For the US: Here there is a clearer pattern linking firm size and management practices, with larger firms being managed better (for founder-owned firms, the means are the same). For larger firms, the means for family-owned firms, shareholder-owned firms and most other ownership types are very similar. The overlapping confidence intervals indicate that the data provides little evidence that the underlying population means are different.

Whenever you use confidence intervals in the above manner, to decide whether there are differences in subgroup populations, remember that 95% confidence intervals may not always contain the respective population means, so your conclusions are never definite.

  • Education level of managers: Better-educated managers may have a broader knowledge of management practices (for example, ideas learned from business school) and can therefore improve the management of the firm. However, it is possible that a well-managed firm would require managers to acquire more education (for example, it could be company policy for employees to have a degree before they can be promoted to managerial positions).
  • Number of competitors: The threat of being driven out by competition could motivate firms to seek better management practices (for example, adopting modern production techniques to cut costs, or retraining employees to increase productivity). However, if good management practices were easy to replicate in a given market, this would attract more firms into the market, resulting in more competition.

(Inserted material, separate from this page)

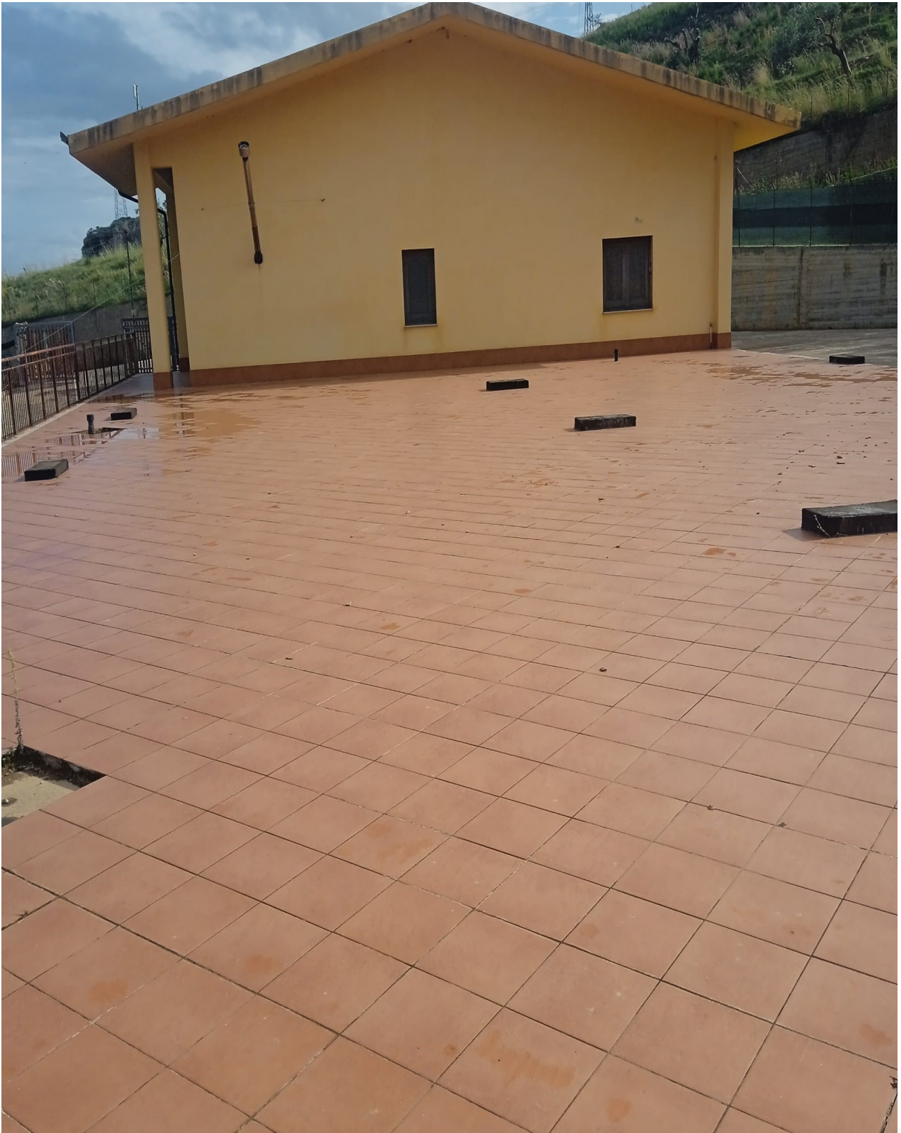
Foto n. 3 Terrazza calpestabile con fabbricato uffici
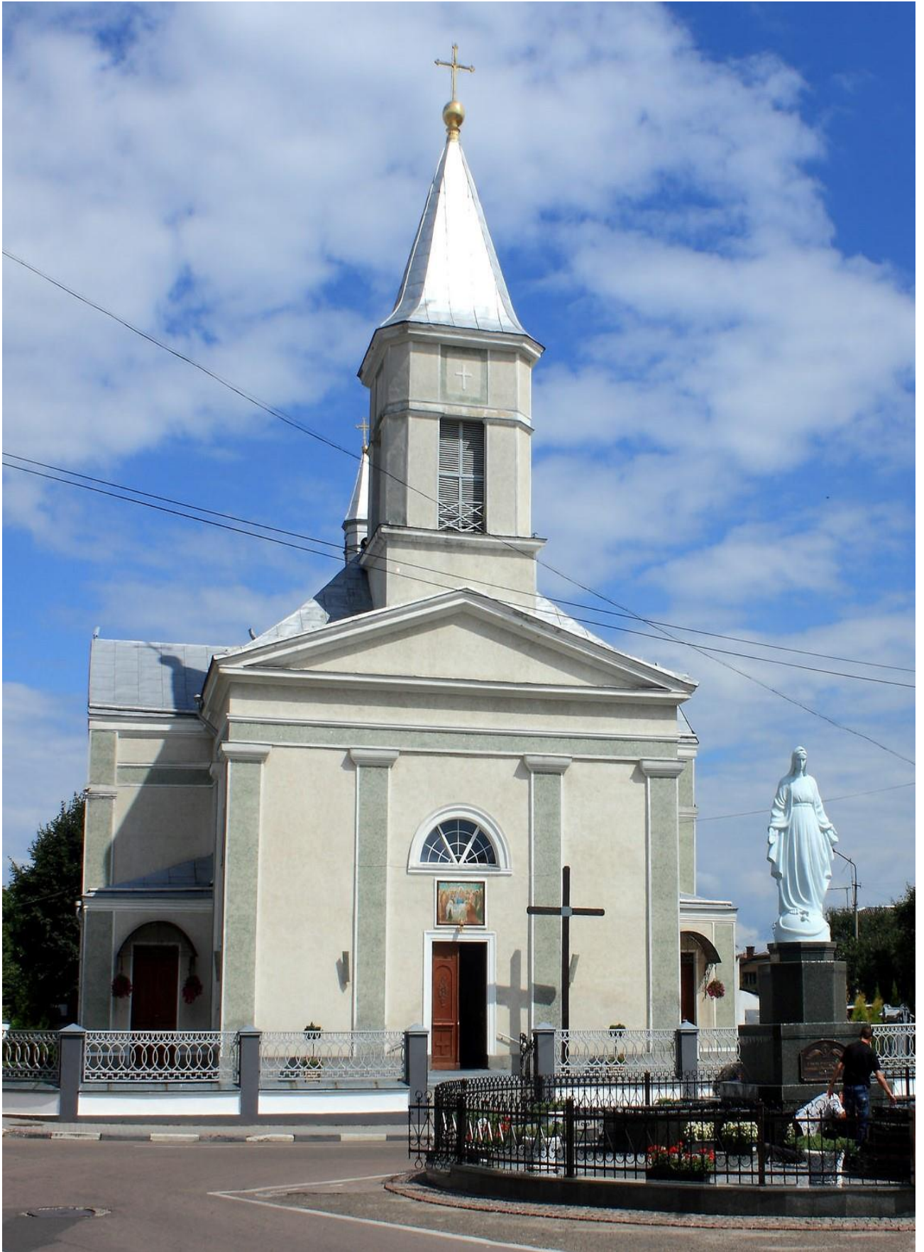
Катедральний храм Успіння Пресвятої Богородиці (сучасний вигляд)

  • Firm size: Better management practices might lead to larger firms because this would enable firms to grow while remaining productive. However, larger firms could lead to better management practices because managers have greater incentives to research and implement better management practices in order to find the most efficient way to manage their employees. (The efficiency gains from doing so increase with the number of employees.)
  • In a randomized field experiment, subjects (in this case, firms in India) are randomly assigned to either a treatment or a control group. Researchers try to ensure that there are no other differences between the groups besides the treatment (as in laboratory experiments where researchers only change one thing). Since the assignment is random, we are more confident that any observed differences between the treatment and control groups after the treatment phase are due to the treatment itself (improved management practices), rather than other variables. As long as the randomization has been done properly, we can make causal statements such as ‘improved management practices caused a productivity increase’.
  • The treatment and control groups had similar productivity before the management changes. After receiving ‘treatment’, the treatment group’s productivity increased whereas the control group’s productivity remained at roughly the same level. Using the rule of thumb, we can say that the improvement in productivity due to the treatment was unlikely to be due to chance after Week 32 (approximate estimate).